Её слова застряли в его голове, проникли в каждую клетку и теперь отзывались эхом где-то внутри. Каждое слово пронзило сердце острой, раскалённой иглой.

— Если она нереальна, то я тоже... Она не из этого мира, а значит, и я... Я должен быть на другой стороне, а не здесь... Я не из этого мира. Я не просто так фантазирую, не просто вхожу в фазу, иммерсионный модуль мне попался не случайно. Всё это — часть высшего плана... Я должен снова прийти к ней, — шептал он, сидя на краю кровати и сжимая голову, которая всё ещё ныла.

Вчера вечером он вернулся домой почти ночью. Врач скорой помощи предупредил, чтобы он сразу ложился спать и избегал стрессов.

— Да тебе так до гипертонического криза недалеко, парень! — качал головой коренастый доктор, поправляя очки. — Такой молодой ещё! Я тебе справку выпишу, пару дней отдохнёшь. Я укол поставил, чтобы давление снизить, как домой придёшь — сразу ложись! Если голова будет болеть, примешь темпалгин.

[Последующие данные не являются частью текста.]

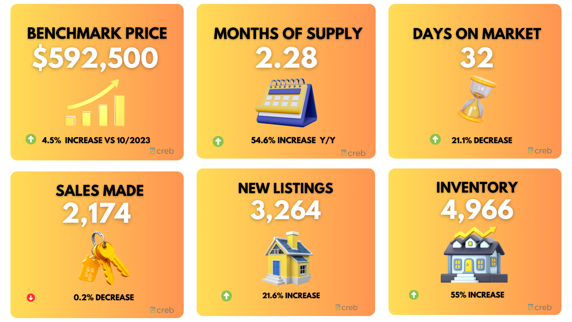 Sales & Listings: October sales increased compared to last year, contributing to a 3% year-to-date growth. Inventory has grown but is still below optimal levels, maintaining a months-of-supply ratio near two months.

Вот и отлично, — подумал Оскар. Он как раз не собирался на работу. У него были другие планы. Скоро состоится ещё одно собрание группы, и, чтобы его снова пустили в модуль, придётся хитрить — уверять Виктора и его ассистентов, что он в полном порядке. В этот же день он должен был показать Виктору "Дневник фантазий" с таблицей, которая пока практически пустовала, не считая нескольких быстро написанных предложений.

Оскар, морщась, поднялся с кровати. В голове что-то кололо, лёгкая тошнота всё ещё сидела в желудке неприятным твёрдым комом. Он взял ручку.

"Ситуация — мысль — эмоция — фантазия" — чёрные буквы таблицы призывали его хотя бы что-то в неё записать. Пустые страницы резали глаза. Он грыз ручку, поддерживая рукой тяжёлую голову.

Ситуация: напряжённый разговор с отцом.
Мысль: мы чужие люди. Он никогда меня не поймёт.
Эмоция: злость, раздражение.
Фантазия:уход в свой мир, ощущение свободы.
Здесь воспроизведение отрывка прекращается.